Extinct genus of titanosaurian dinosaurs

Ibirania (meaning "Ibirá wanderer" or "tree wanderer") is a genus of dwarf saltasaurine titanosaur dinosaur from the Late Cretaceous (Santonian to Campanian) São José do Rio Preto Formation (Bauru Basin) of Southeast Brazil. The type species is Ibirania parva. It is one of the smallest sauropods known to date, comparable in size to the titanosaur Magyarosaurus.

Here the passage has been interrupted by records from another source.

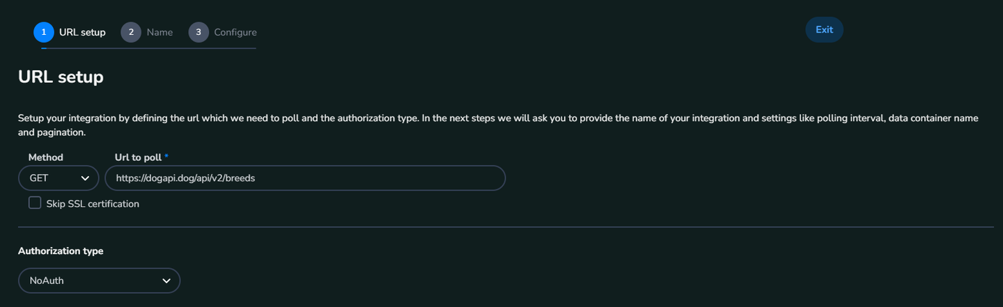 After setting up the API details, it’s time to give the event type a name. As our example is in loading dog breeds, the event name would be “DogBreed”.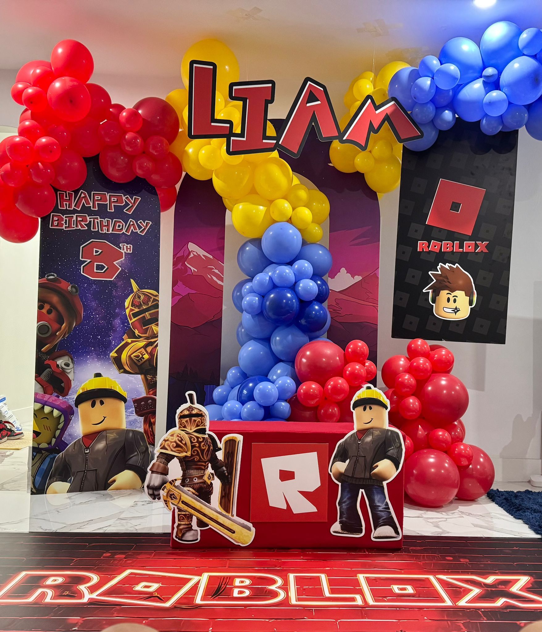 🎉 Roblox-Themed Birthday Party Decor – Perfect for Gamers! 🎮 Make your child’s special day unforgettable with this vibrant and action-packed Roblox-themed birthday setup, designed for fans of the popular game! Ideal for an 8th birthday party (or customizable for any age), this setup includes everything needed to bring the virtual world to life. ✅ What’s Included: • Name Banner (“Liam”) – • Balloon Arch Decor in bold red, blue, and yellow • Roblox Backdrop Banners featuring favorite characters and in-game graphics • 3D Character Cutouts – life-size Roblox avatars and warriors • Floor & Table Vinyl Wraps with the iconic Roblox logo • Photo-Ready Setup – perfect for capturing memories! 🎨 Bright, Bold & Fun – This decor is visually striking and totally immersive, ideal for kids who love building, battling, and exploring in Roblox.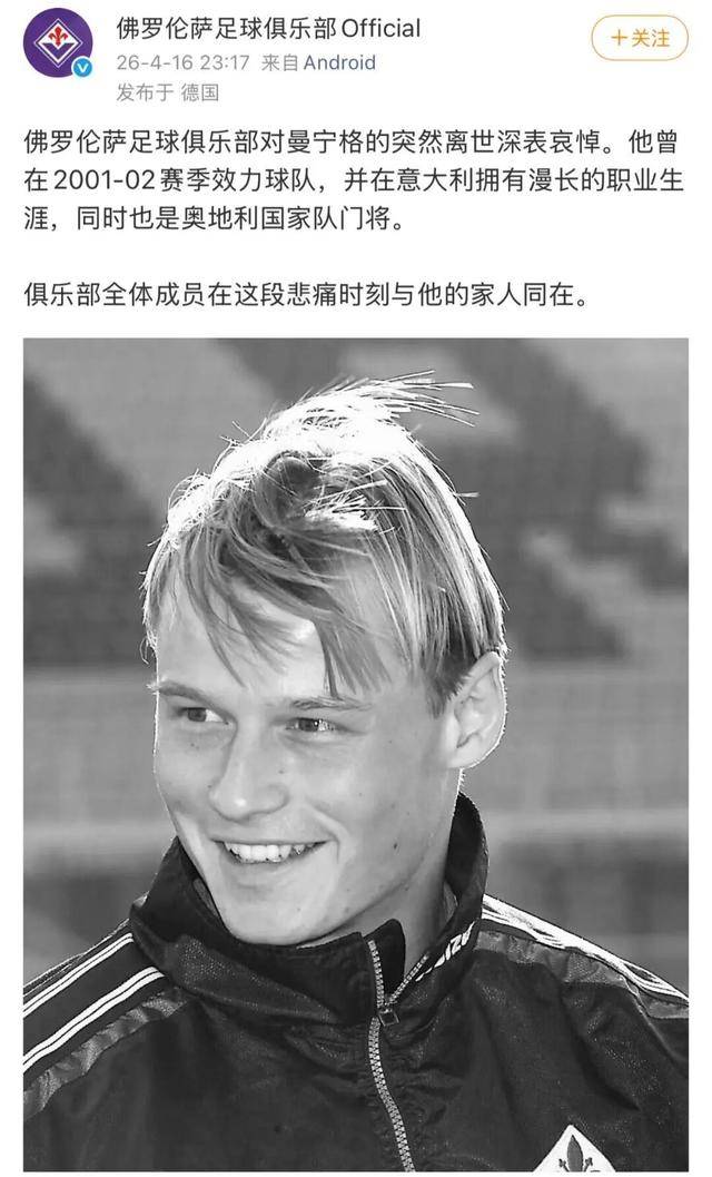 เต ตามรายงานของ Sports Weekly ที่16 เมษายน ฟุตบอลยุโรปมีข่าวร้าย: อดีต "ชาติ" Alexander Manninger เสียชีวิตจากอุบัติเหตุจราจรร้ายแรงเมื่ออายุ 48 ปี

== Discovery and naming ==
The Ibirania holotype specimen, LPP-PV-0200–0207, was discovered in layers of the São José do Rio Preto Formation on the Garcia Brothers Farm in Vila Ventura, Ibirá Municipality, northeastern São Paulo State, Brazil, which dates to the late Santonian to early Campanian ages of the late Cretaceous period. The holotype consists of a dorsal vertebra, partial caudal vertebrae, a fragmentary radius and ulna, a partial metacarpal, and a nearly complete metatarsal. Additional material, including partial cervical, dorsal, and caudal vertebrae, fragments of a fibula, and a nearly complete fibula, was also referred to Ibirania.

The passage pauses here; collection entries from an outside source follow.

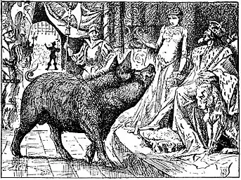 So the time passed, till lo and behold! one fine day an enormous pig from the North walked into the palace, and going straight
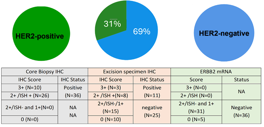 就MammaTyper检测定义的ERBB2-而言,70%(26/36)为HER2 IHC 2+/ISH+,HER2基因拷贝数中位数为6.5。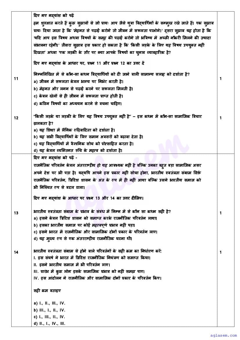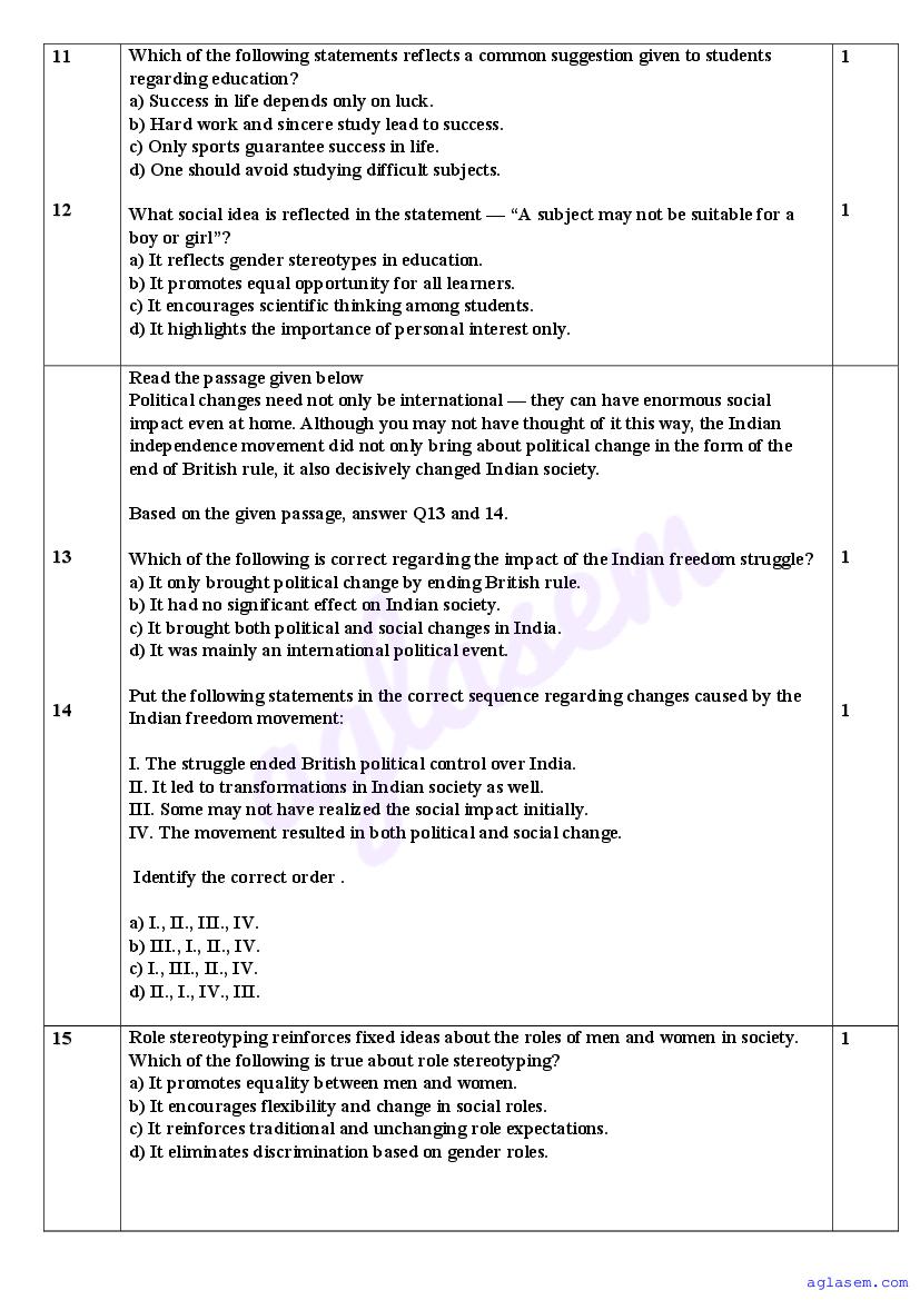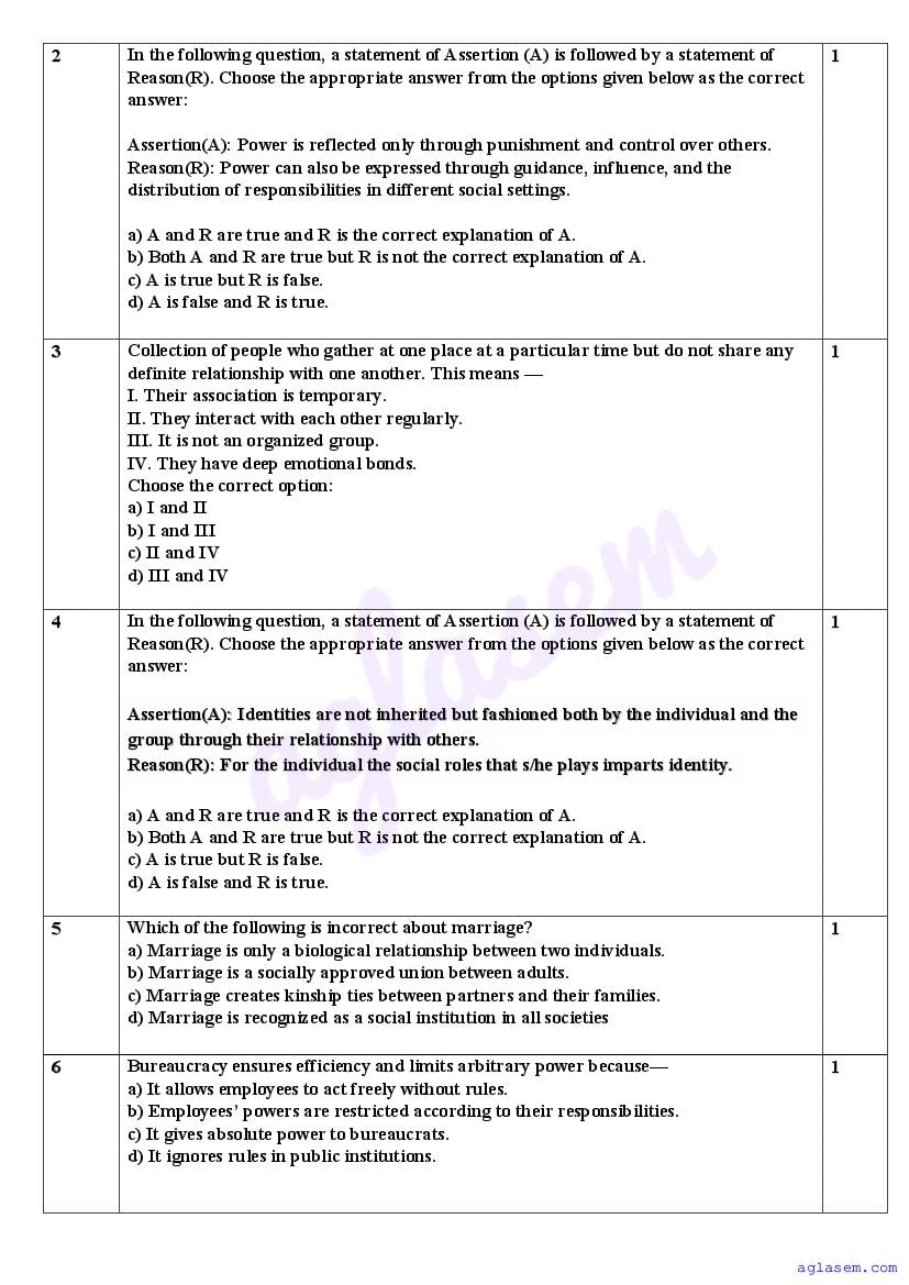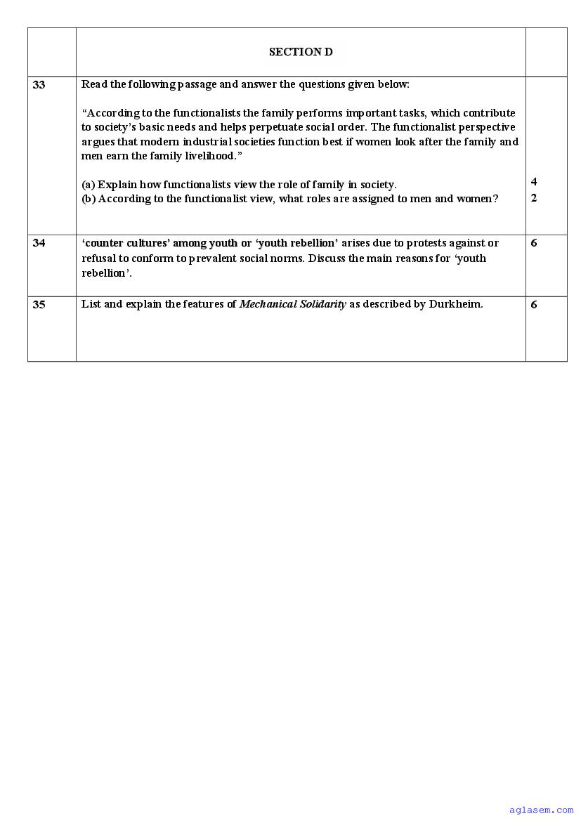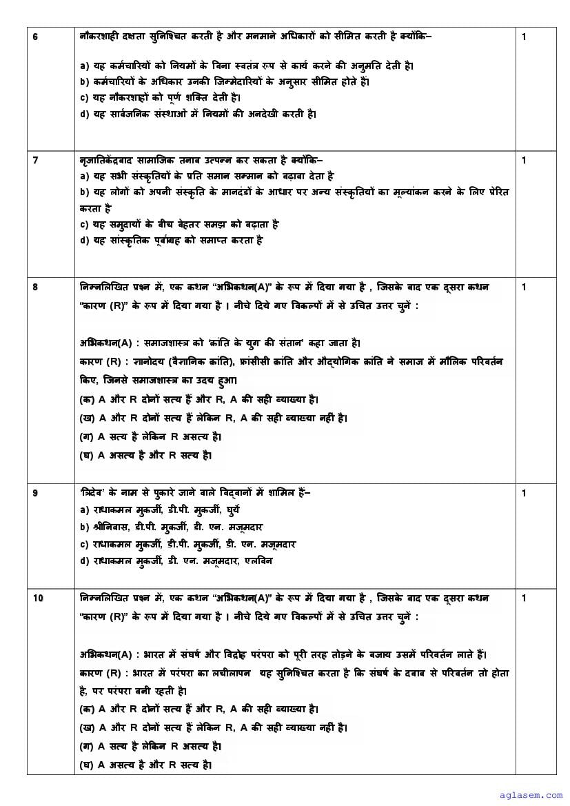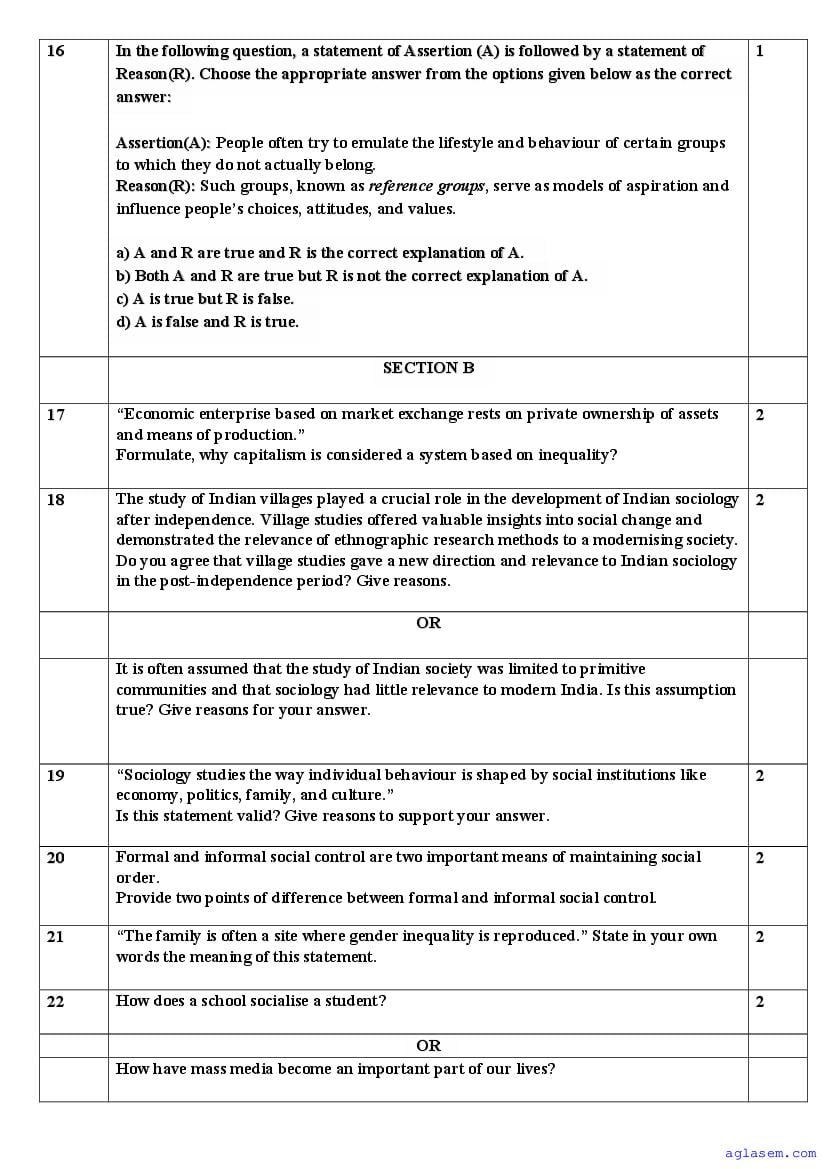 | AglaSem Paper | Class 11 Sample Paper of Sociology |

In 2022, Navarro et al. described Ibirania as a new genus and species of saltasaurine titanosaur. The generic name, "Ibirania", combines a reference to Ibirá, the municipality where the specimens were discovered (also a Portuguese derivative of the Tupi word "ybyrá", meaning "tree", in reference to Ibiranias hypothesized browsing behavior), with "ania", a modified form of the Greek word "plania", meaning "wanderer". The specific name, "parva", is derived from the Latin word "parvus", meaning "small", after nanism seen in the taxon. The intended name meaning is "little Ibirá wanderer" or "little tree wanderer".

== Description ==

Size of Ibirania compared to a human

Ibirania is estimated to be only 5.7 m long, making it one of the smallest sauropods.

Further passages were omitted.